DB: Sim, ele se isola. Cria um tipo de ilusão. 

JK: Não percebemos que o sofrimento é compartilhado por toda a humanidade. 

DB: Sim, mas se chegássemos a perceber que ele é compartilhado por toda a humanidade?

JK: Então começo a questionar o que é o sofrimento. Ele não é o meu sofrimento. 

DB: Isso é importante. Para compreender a natureza do sofrimento, preciso me desfazer dessa ideia de que ele é meu sofrimento porque, enquanto acreditar que ele é meu, terei uma noção ilusória do problema como um todo. 

JK: E nunca poderei acabar com ele. 

DB: Se você está lidando com uma ilusão, nada pode ser feito a respeito dela. (...)

JK: O sofrimento é comum a toda a humanidade.

DB: Mas o fato de ser comum não é suficiente para torná-lo o mesmo para todos. 

JK: Ele é real. 

DB: O senhor está dizendo que o sofrimento é único, inseparável?

JK: Sim, é o que eu venho dizendo. 

DB: Assim como a consciência humana?

JK: Sim, isso mesmo. 

DB: De modo que quando alguém sofre, toda a humanidade está sofrendo?

JK: A questão é a seguinte: temos sofrido desde o princípio e nunca encontramos uma solução para isso. Não acabamos com o sofrimento. 

DB: Mas eu acho que o senhor disse que a razão pela qual não encontramos uma solução é porque o consideramos como algo pessoal, ou pertencente a um pequeno grupo... e isso é uma ilusão.

JK: Sim.

DB: E qualquer tentativa de se lidar com uma ilusão não pode resolver coisa alguma. 

JK: O pensamento não pode resolver nada psicologicamente. 

DB: Porque o senhor pode dizer que o próprio pensamento divide. O pensamento é limitado e incapaz de perceber que esse sofrimento é único. Desse modo, ele o divide em meu e seu. 

JK: Isso mesmo. 

DB: E isso cria a ilusão, que só pode multiplicar o sofrimento. Parece-me então que a firmação de que o sofrimento é único, não pode ser separado da afirmação de que a consciência humana é única. 

JK: O mundo sou eu: eu sou o mundo.(...) O mundo da sociedade, principalmente o mundo psicológico. 

DB: Dizemos então que o mundo da sociedade, dos seres humanos, é um só, e o que significa quando digo que eu sou o mundo?

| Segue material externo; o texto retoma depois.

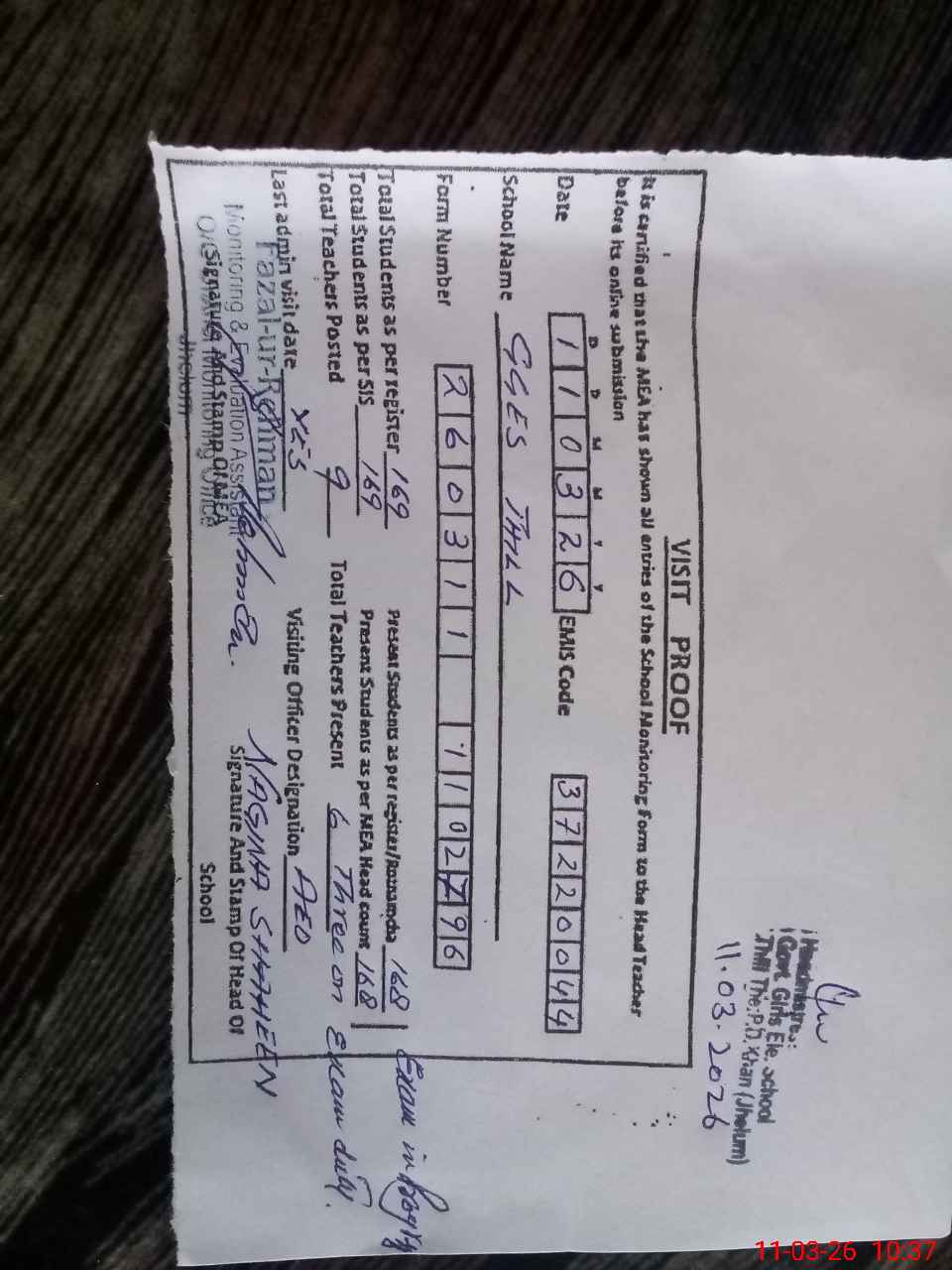 | Certified that this School was Inspected by the Undersigned MEA/DMO Today and the Information Stated Above is as Per Record. | |||||

JK: Que o mundo não é diferente de mim.

DB: O mundo e eu somos um. Somos inseparáveis. 

JK: Sim. E essa é a verdadeira meditação; você precisa sentir isso, não apenas como uma afirmação verbal; trata-se de uma realidade. Eu sou o guarda do meu irmão. (...) Assim sendo, essa inteligência é real? Você compreende a minha pergunta? Ou trata-se de alguma espécie de projeção fantasiosa, na esperança de que ela resolverá nossos problemas? Eu não penso assim. Ela é uma realidade. Por que o fim do sofrimento significa amor.